__Supplied material__.
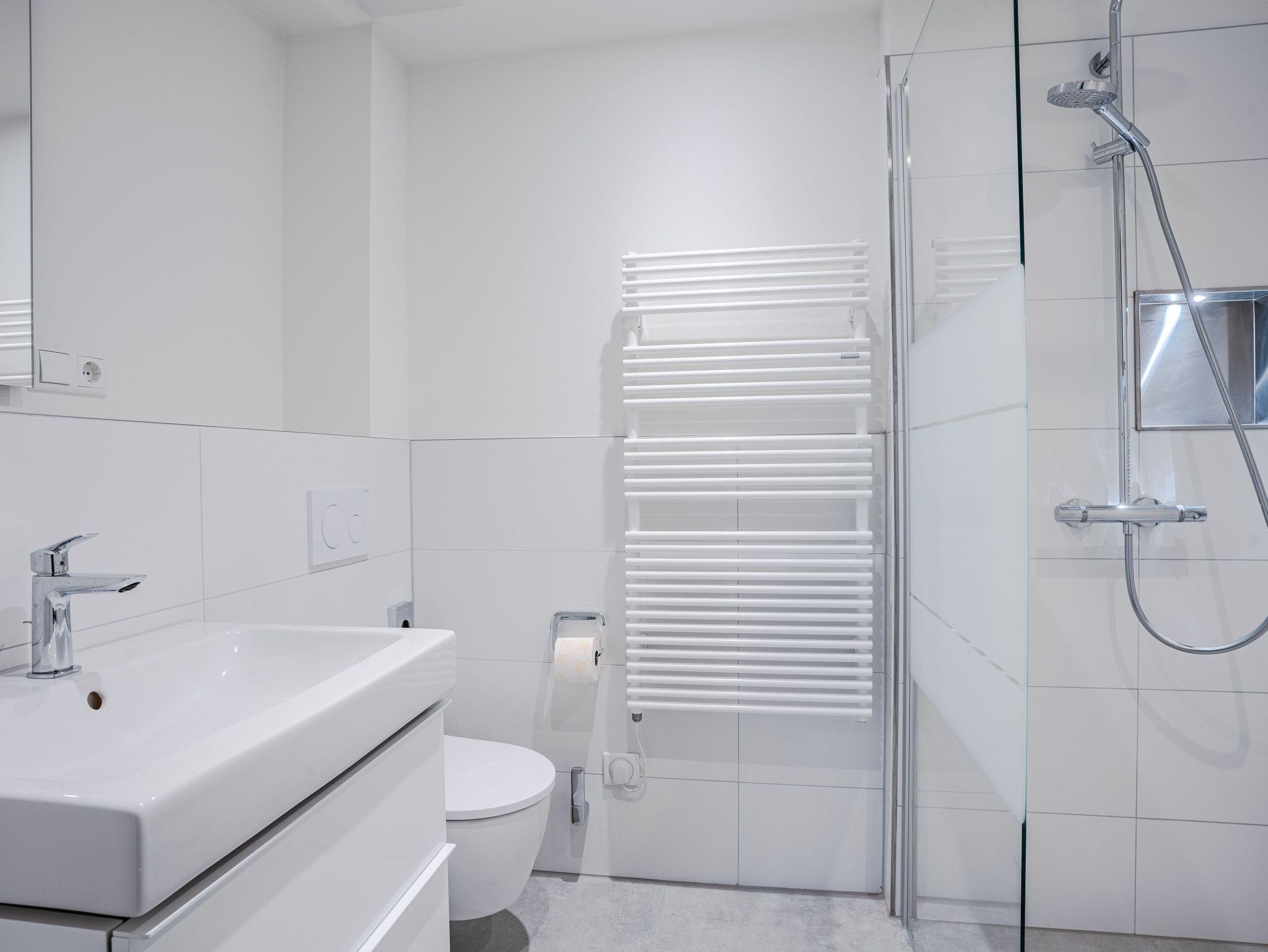 Das Schlafzimmer mit einem Boxspringbett (180x200 cm) und TV sowie das moderne Badezimmer mit Dusche sorgen für einen erholsamen Urlaub.
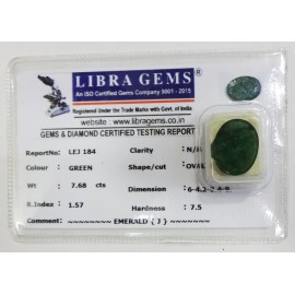 REPORT.NO.-LEJ 184CLARITY.-N/ACOLOUR.-GREENSHAPE/CUT.-OVALWT.-7.68 CTSDIMENSION.-6-4.2-9.4-9.R.INDEX.-1.57HARDNESS.-7.5COMMENT.-EMERALD { J }..
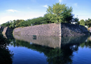 The castle tower was built as early as 1586, six years later the castle moats and the high wall in the south had been built. The castle tower, which burned down in 1602 due to lightning, was not replaced; a three-storey watchtower served as a substitute. In 1620 the residence in the main castle and in 1631 the residence in the Ni-no-maru were lost by fire. In 1759 and 1808, the castle was again ravaged by fires. 1872, after the Meiji Restoration, the castle grounds served as a army administrative headquarters. After 1945, Kanazawa University first used the grounds, and later they were given to the city, which converted them into a park. The “Ishikawa Gate” and the “Thirty Clafter Longhouse”, both registered as Important Cultural Properties, remain from the castle.

__Task details__.
Transcribe all of the lines above exactly as given. The pictures stay out.

__Task response__.
 Das Schlafzimmer mit einem Boxspringbett (180x200 cm) und TV sowie das moderne Badezimmer mit Dusche sorgen für einen erholsamen Urlaub.
 REPORT.NO.-LEJ 184CLARITY.-N/ACOLOUR.-GREENSHAPE/CUT.-OVALWT.-7.68 CTSDIMENSION.-6-4.2-9.4-9.R.INDEX.-1.57HARDNESS.-7.5COMMENT.-EMERALD { J }..
 The castle tower was built as early as 1586, six years later the castle moats and the high wall in the south had been built. The castle tower, which burned down in 1602 due to lightning, was not replaced; a three-storey watchtower served as a substitute. In 1620 the residence in the main castle and in 1631 the residence in the Ni-no-maru were lost by fire. In 1759 and 1808, the castle was again ravaged by fires. 1872, after the Meiji Restoration, the castle grounds served as a army administrative headquarters. After 1945, Kanazawa University first used the grounds, and later they were given to the city, which converted them into a park. The “Ishikawa Gate” and the “Thirty Clafter Longhouse”, both registered as Important Cultural Properties, remain from the castle.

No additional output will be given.